Wie im Fieber gaben sie einander hin. Immer wieder aufs Neue ergriff sie die Leidenschaft und sie suchten einander. Engumschlungen, schliefen sie schließlich ein.

Als er aufwachte fühlte Paddy sich erfüllt, wie noch nie. Aber als er sah, dass er neben einer anderen Frau im Bett lag, als neben Joelle, setzte er sich ruckartig auf. „Oh mein Gott. Es war ein Fehler!"

Hannah war bei seinem Ausbruch wachgeworden und wusste im ersten Augenblick gar nicht, wo sie war und wer neben ihr saß. Als sie ihn erkannte und ihr klar wurde, was passiert war, war sie starr vor Schreck. Was hatte sie nur getan.

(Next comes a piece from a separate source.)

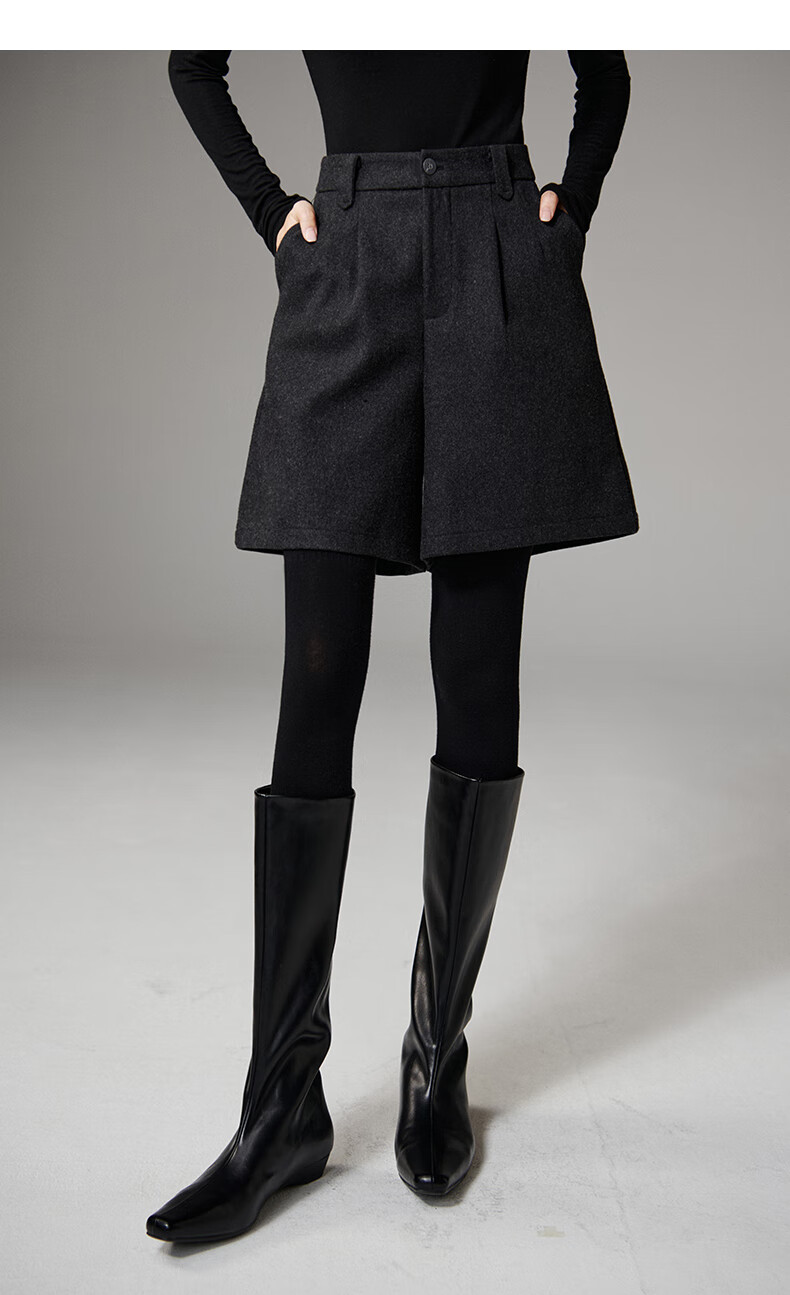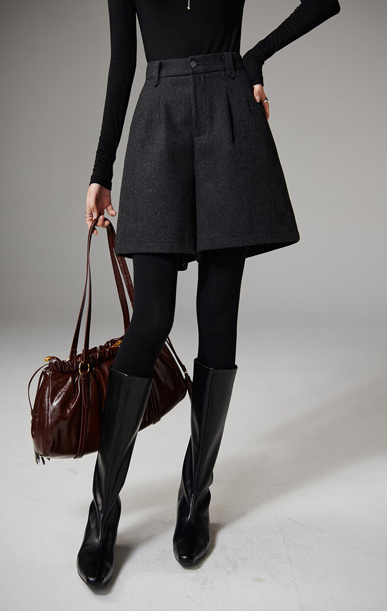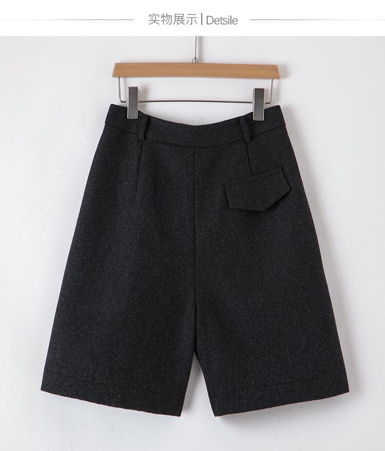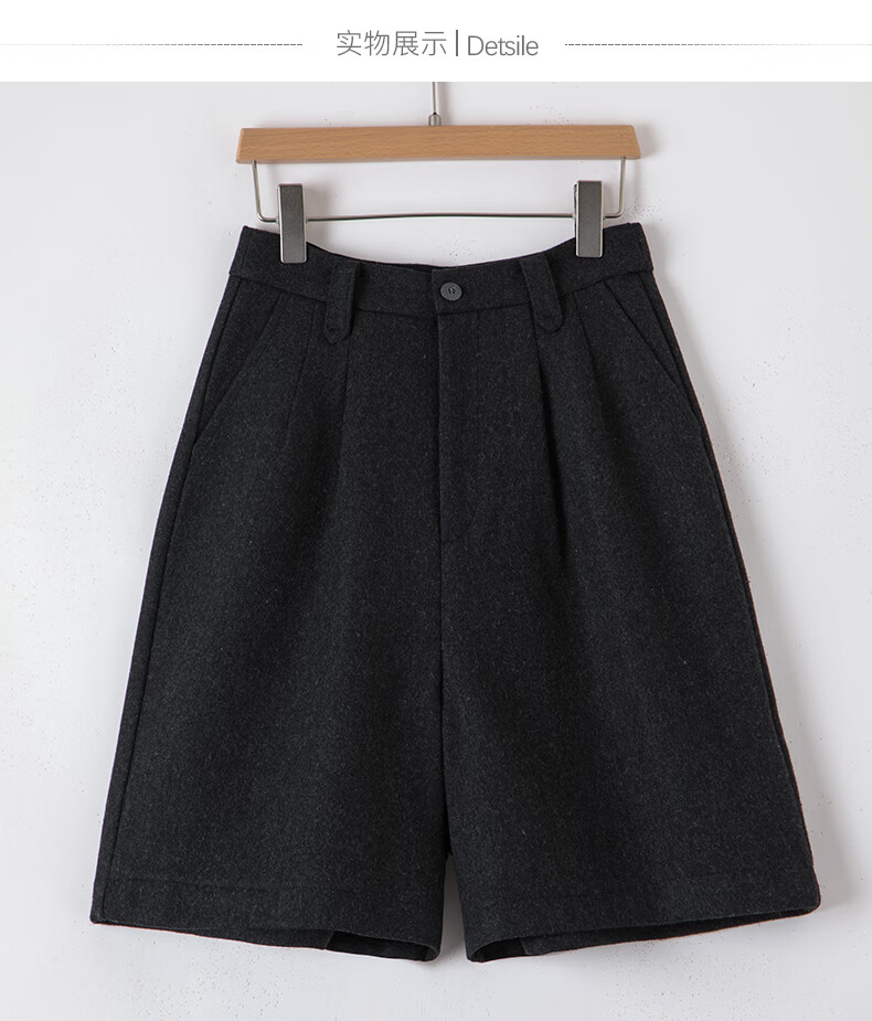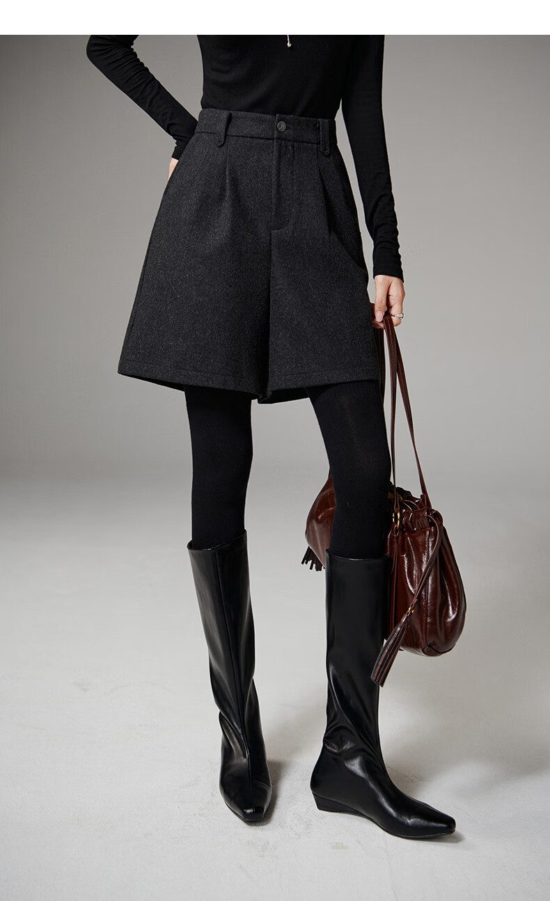 Late White New Product 2025 Winter Temperament Sheep Wool Skirts Simple and Elegant High Waist Casual Woolen Shorts Boot Pants Women Dark Gray 28

Nachdem Paddy ins Bad geflüchtet war, zog sie sich schnell an und flüchtete ihr ihr Zimmer schräg gegenüber. Auf ihrem Handy fand sie zwei nette Nachrichten von ihrem Mann und Fotos von ihren Kindern. Weinend warf sie sich auf ihr Bett. Was hatte sie nur getan. Sie hatte ihren Mann betrogen. Ja, sie hatten zurzeit viele Probleme, aber sie hatte ihn betrogen. Etwas, dass sie sich geschworen hatte, dass sie niemals machen würde. Schließlich stellte sie sich unter die Dusche und zog sich anschließend an. Mit schwerem Herzen checkte sie aus und fuhr nach Hause. Ohne zu wissen, was sie machen sollte.